Start at the line with "KeepAliveLite是" in the records below, stop at the line with "周三纽盘,瑞郎兑美元交投于0.8960,涨幅为0.31%。", and return every line in that span exactly, the two end lines included.

**Material to process**
BEGIN
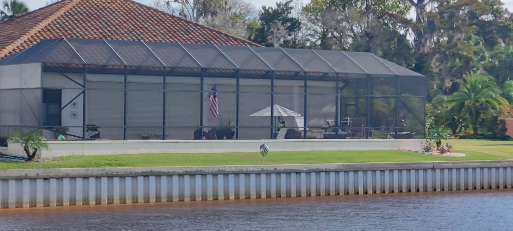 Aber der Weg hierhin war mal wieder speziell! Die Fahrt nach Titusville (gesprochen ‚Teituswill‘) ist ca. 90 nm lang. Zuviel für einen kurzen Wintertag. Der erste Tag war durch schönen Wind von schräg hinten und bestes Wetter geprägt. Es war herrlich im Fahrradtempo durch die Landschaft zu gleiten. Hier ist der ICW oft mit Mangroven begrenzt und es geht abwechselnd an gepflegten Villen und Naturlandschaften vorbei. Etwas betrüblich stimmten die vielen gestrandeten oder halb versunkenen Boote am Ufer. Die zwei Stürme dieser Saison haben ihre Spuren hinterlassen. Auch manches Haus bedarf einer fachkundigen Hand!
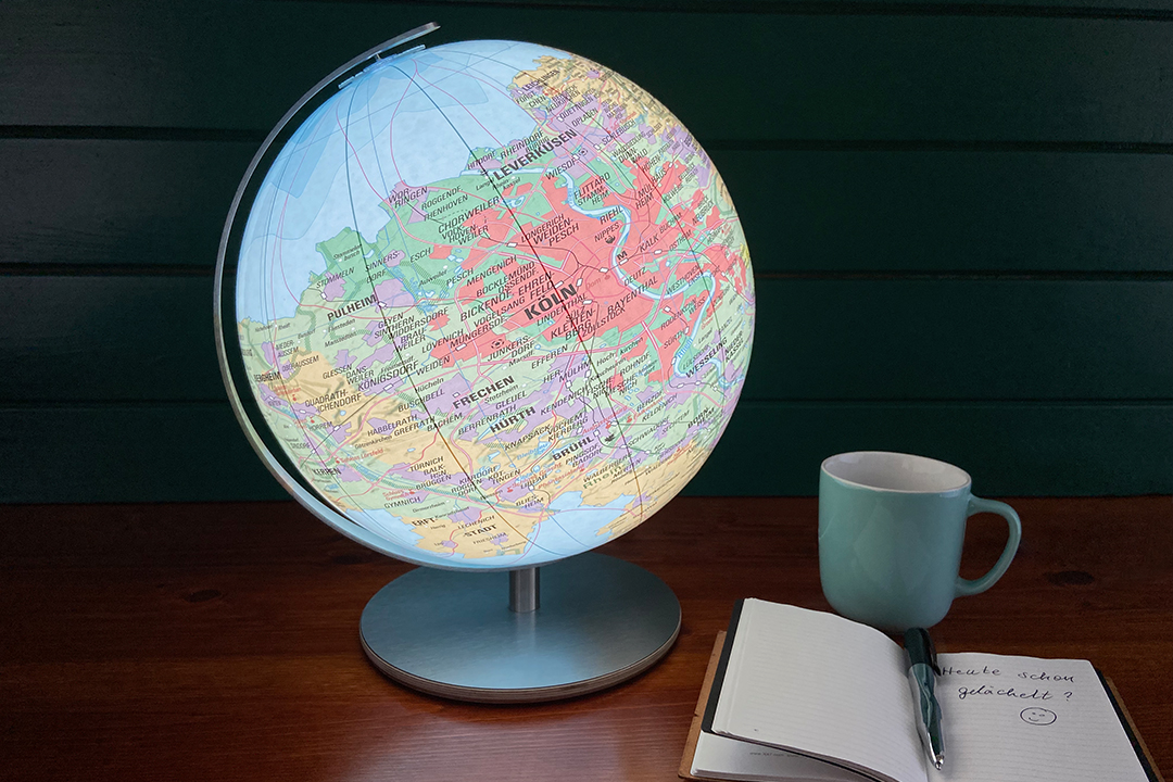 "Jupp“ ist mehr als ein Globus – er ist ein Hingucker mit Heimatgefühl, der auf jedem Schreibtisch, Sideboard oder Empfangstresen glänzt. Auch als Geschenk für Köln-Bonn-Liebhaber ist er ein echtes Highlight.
END
BEGIN
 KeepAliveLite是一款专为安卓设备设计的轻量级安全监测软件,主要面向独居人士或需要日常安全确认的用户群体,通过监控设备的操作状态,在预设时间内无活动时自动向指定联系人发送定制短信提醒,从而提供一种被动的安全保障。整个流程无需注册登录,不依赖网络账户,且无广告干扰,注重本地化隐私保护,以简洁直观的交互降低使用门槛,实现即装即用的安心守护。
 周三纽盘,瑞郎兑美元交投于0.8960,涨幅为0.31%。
END
**Problem solution**
 KeepAliveLite是一款专为安卓设备设计的轻量级安全监测软件,主要面向独居人士或需要日常安全确认的用户群体,通过监控设备的操作状态,在预设时间内无活动时自动向指定联系人发送定制短信提醒,从而提供一种被动的安全保障。整个流程无需注册登录,不依赖网络账户,且无广告干扰,注重本地化隐私保护,以简洁直观的交互降低使用门槛,实现即装即用的安心守护。
 周三纽盘,瑞郎兑美元交投于0.8960,涨幅为0.31%。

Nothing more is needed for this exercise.